We have previously established successful protocols for amplifying ZIKV genomes using an overlapping PCR amplicon scheme and for sequencing ZIKV amplicons on the Nanopore MinION (Quick et al, 2017: https://www.ncbi.nlm.nih.gov/pmc/articles/PMC5902022/). For two weeks in the summer of 2018, a team of researchers from the UK, Brazil and Angola congregated at the Instituto Nacional de Investigação em Saúde (INIS), Ministry of Health, in Luanda, the capital city of Angola, and worked together to sequence ZIKV positive samples from Angola. The team was able to successfully sequence two samples in Luanda that had been previously identified as positive for ZIKV during routine surveillance activities conducted at the INIS. Subsequently, we successfully recovered a third ZIKV genome at the Instituto Nacional de Saúde Doutor Ricardo Jorge (Portuguese Ministry of Health), from a newborn with microcephaly whose mother was infected in Angola. This case has been previously reported alongside 193bp of sequence data (Sassetti et al. 2018), but through additional sequencing we were able to successfully recover the majority (82%) of the genome. A summary of the epidemiological information regarding each sequenced strain, and the proportion of the coding region that was successfully sequenced at a depth of >20 bases, is described below:
- Patient Z3 : Sample was collected on the 23 May 2017 from a female patient residing in the Bengo province. The patient reported no travel in the weeks before onset of symptoms. Sequence coverage was 75%.
- Patient P153 : Sample collected in June 2017 from a HIV+ female patient residing in Luanda reported no travel and no symptoms. Sequence coverage was 85%.
- Patient PoHuZV/634959 : sample was recovered from a baby born in November 2017 with microcephaly to a mother that was infected in the first trimester/early second trimester. We refer to Sassetti et al. 2018 for clinical and epidemiological details. Sequence coverage was 82%.
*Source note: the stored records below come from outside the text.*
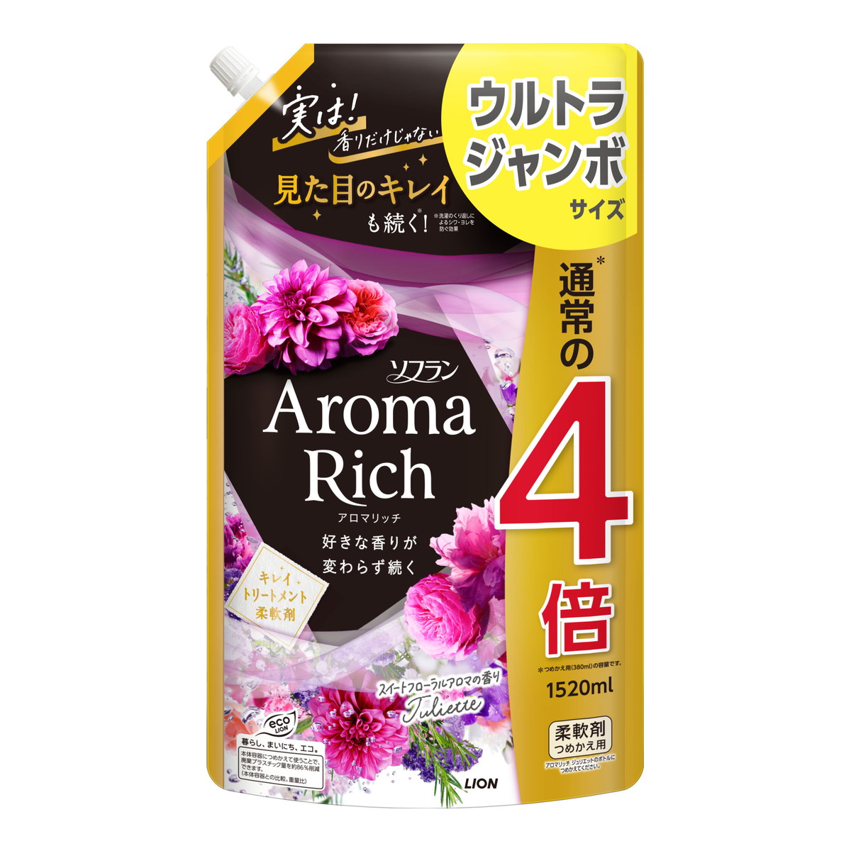 LION Кондиционер для белья "Джульетт" (формула сохранения неизменного аромата и красоты тканей / с натуральными маслами "Aroma Rich Juliette 814") 1520 мл, мягкая упаковка с крышкой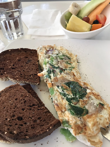 Had brunch here today. Ordered the healthy omelette. Food is good, standard fare for breakfast and lunch. Service was fast, I was seated right away without a reservation. It was a little busy, I waited a little over 5 min for the waiter to take my order. He never came back around to ask me if I was enjoying my meal or needed anything else. I didn’t see him doing that at the other tables either. I only saw him when I took my last bite and he miraculously appeared to collect my plate. When I said that would be all, he came back with the bill in the closed wallet and put it on my table. I hadn’t even looked at it yet, and a few seconds later a young woman came, opened the wallet and took out the bill and started running the payment. I found that a bit unprofessional. I never said I was ready to pay or leave. I also felt like I was being rushed to leave. But the food was good and presentable (see photo) so I gave 4 stars. One piece of advice. Even though they have a terrace, best to ask to be seated indoors during the winter. They have a huge heater that is too hot when you sit too close. Also, because of its proximity to their entrance, each time the door opens and closes (which is often) you will FREEZE.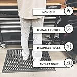 • Anti-Fatigue Mat – The drainage holes in these rubber floor mats make them well-suited to keep work areas clean, with grip and traction to offer anti-slip protection; the thick indoor outdoor mat offers cushioning and prevents fatigue for people who stand for extended time periods in stores, workshops, garages, bars and restaurants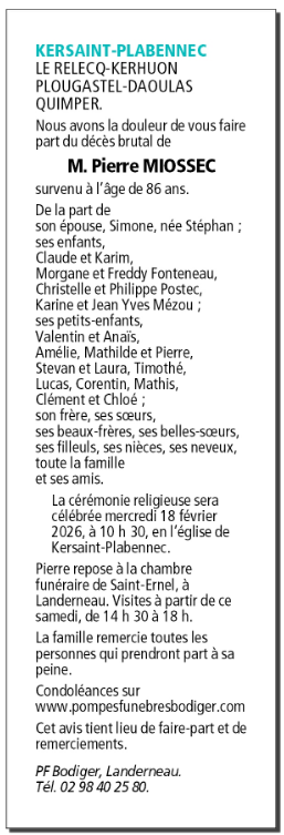 Décédé à Kersaint-Plabennec (29860, France) le jeudi 12 février 2026 à l'âge de 86 ans

Maximum likelihood and Bayesian phylogenetic analysis of ~400 ZIKV sequences indicate that all three sequenced genomes from Angola belong to the Asian genotype and form a single well-supported monophyletic clade (bootstrap = 100, posterior probability support = 0.93, Figure 1a and b ). Importantly, our analyses indicate that the Angolan ZIKV clade shares a common ancestor with lineages circulating in Brazil, possibly in the southeast region of the country where nearly 3000 microcephaly cases have been reported since 2015 (posterior probability = 0.88). Our genetic data therefore suggest that ZIKV may have been introduced to Angola from Brazil, with possible endemic circulation in Angola prior to the first reports of Zika virus circulation in Dec 2016 (http://www.who.int/emergencies/zika-virus/situation-report/20-january-2017/en/). However, it is also possible that ZIKV was introduced to Angola via an as-yet unsampled location, or location from which identified viruses have not yet been sequenced, such as Capo Verde). The median estimated date for the most recent common ancestor of the Angolan sequences was August 2016 (95% HPD May - November 2016). The median estimated date for the most recent common ancestor linking this clade with non-Angolan sequences was August 2015 (95% HPD December 2014 to December 2015). This suggests that ZIKV may have been first introduced to Angola no earlier than ~August 2015, and no later than ~August 2016.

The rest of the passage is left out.